TaylorModel.jl API

RTaylorModel1{T,S}

Relative Taylor model in 1 variable, providing a rigurous polynomial approximation given by a Taylor polynomial pol (around x0) and a relative remainder rem for a function f(x) in one variable, valid in the interval dom. This corresponds to definition 2.3.2 of Mioara Joldes' thesis.

Fields:

• pol: polynomial approximation, represented as TaylorSeries.Taylor1

• rem: the interval bound

• x0 : expansion point

• dom: domain, interval over which the Taylor model is defined / valid

The approximation $f(x) = p(x) + \delta (x - x_0)^{n+1}$ is satisfied for all $x\in \mathcal{D}$; n is the order (degree) of the polynomial $p(x)=\sum_{i=0}^n p_i (x - x_0)^i$.

TaylorModel1{T,S}

Absolute Taylor model in 1 variable, providing a rigurous polynomial approximation given by a Taylor polynomial pol (around x0) and an absolute remainder rem for a function f(x) in one variable, valid in the interval dom. This corresponds to definition 2.1.3 of Mioara Joldes' thesis.

Fields:

• pol: polynomial approximation, represented as TaylorSeries.Taylor1

• rem: the interval bound

• x0 : expansion point

• dom: domain, interval over which the Taylor model is defined / valid

The approximation $f(x) = p(x) + \Delta$ is satisfied for all $x\in \mathcal{D}$ ($0\in \Delta$); n is the order (degree) of the polynomial $p(x)=\sum_{i=0}^n p_i (x - x_0)^i$.

TaylorModelN{N,T,S}

Taylor Models with absolute remainder for N independent variables.

bound_remainder(::Type{TaylorModel1}f::Function, polf::Taylor1, polfI::Taylor1, x0::Interval, I::Interval)

Bound the absolute remainder of the polynomial approximation of f given by the Taylor polynomial polf around x0 on the interval I. It requires the interval extension polfI of the polynomial that approximates f for the whole interval I, in order to compute the Lagrange remainder.

If polfI[end] has a definite sign, then it is monotonic in the intervals [I.lo, x0] and [x0.hi, I.hi], which is exploited; otherwise, it is used to compute the Lagrange remainder.
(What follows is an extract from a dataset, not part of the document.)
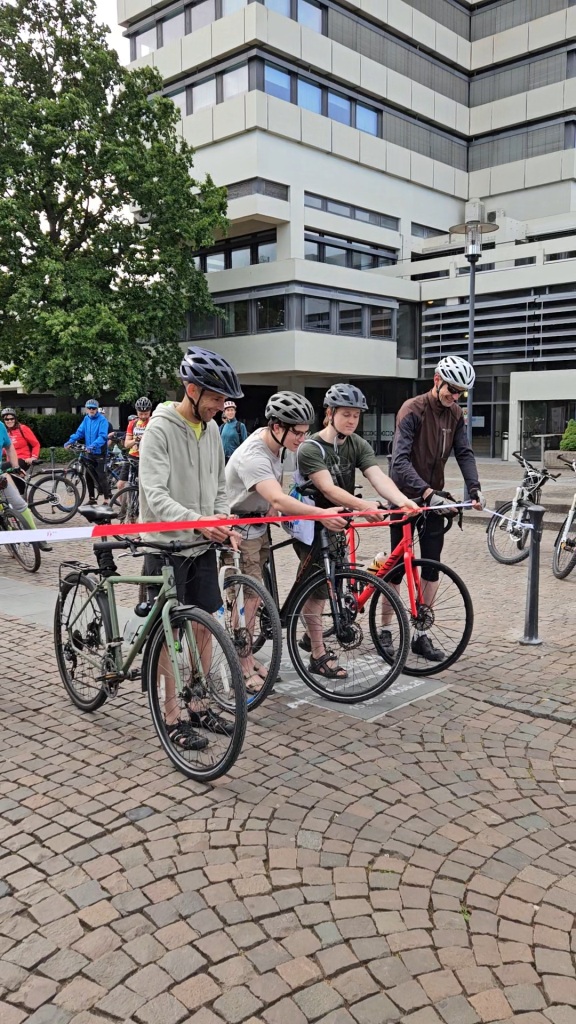 Vom Rathaus aus ging es traditionell direkt auf verschiedene Touren, je nach Gusto, Bike und Leistungsvermögen standen eine Rennradtour, eine Mountainbiketour und auch zwei mehr oder weniger gemütliche Feierabendtouren zur Wahl. Mit dabei waren auch die zwei diesjährigen „Stadtradeln-Stars“. Chris und Richard Fieker, 16 und 20 Jahre alt, haben sich entschlossen, drei Wochen lang aufs Auto – auch auf die Beifahrerrolle! – zu verzichten. Die beiden Brüder werden von ihren Erfahrungen in einem Blog berichten.

This corresponds to Prop 2.2.1 in Mioara Joldes PhD thesis (pp 52).

bound_remainder(::Type{RTaylorModel1}, f::Function, polf::Taylor1, polfI::Taylor1, x0::Interval, I::Interval)

Bound the relative remainder of the polynomial approximation of f given by the Taylor polynomial polf around x0 on the interval I. It requires an the interval extension polfI of a polynomial that approximates f for the whole interval I, in order to compute the Lagrange remainder.

If polfI[end] has a definite sign, then it is monotonic in the interval I, which is exploited; otherwise, the last coefficients bounds the relative remainder. This corresponds to Prop 2.3.7 in Mioara Joldes' PhD thesis (pp 67).

fp_rpa(tm::TaylorModel1{Interval{T},T})
fp_rpa(tm::RTaylorModel1{Interval{T},T})

Convert a tm TaylorModel1 to a TaylorModel1 whose polynomial coefficients are Float64. The accumulated error is added to the remainder. The mid point of the expansion interval is preferentially rounded down if it is not an exactly representable value.

rpa(g::Function, tmf::TaylorModel1) rpa(g::Function, tmf::RTaylorModel1) rpa(g::Function, tmf::TaylorModelN)

Rigurous polynomial approximation (RPA) for the function g using the Taylor Model with absolute/relative remainder tmf. The bound is computed exploiting monotonicity if possible, otherwise, it uses Lagrange bound.

integrate(a, [x])

Return the integral of a::Taylor1. The constant of integration (0-th order coefficient) is set to x, which is zero if ommitted.

integrate(a, r)

Integrate the a::HomogeneousPolynomial with respect to the r-th variable. The returned HomogeneousPolynomial has no added constant of integration. If the order of a corresponds to get_order(), a zero HomogeneousPolynomial of 0-th order is returned.

integrate(a, r, [x0])

Integrate the a::TaylorN series with respect to the r-th variable, where x0 the integration constant and must be independent of the r-th variable; if x0 is ommitted, it is taken as zero.

integrate(a, c0)

Integrates the one-variable Taylor Model (TaylorModel1 or RTaylorModel1) with respect to the independent variable; c0 is the interval representing the integration constant; if omitted it is considered as the zero interval.

integrate(fT, which)

Integrates a TaylorModelN with respect to which variable. The returned TaylorModelN corresponds to the Taylor Model of the definite integral ∫f(x) - ∫f(expansion_point).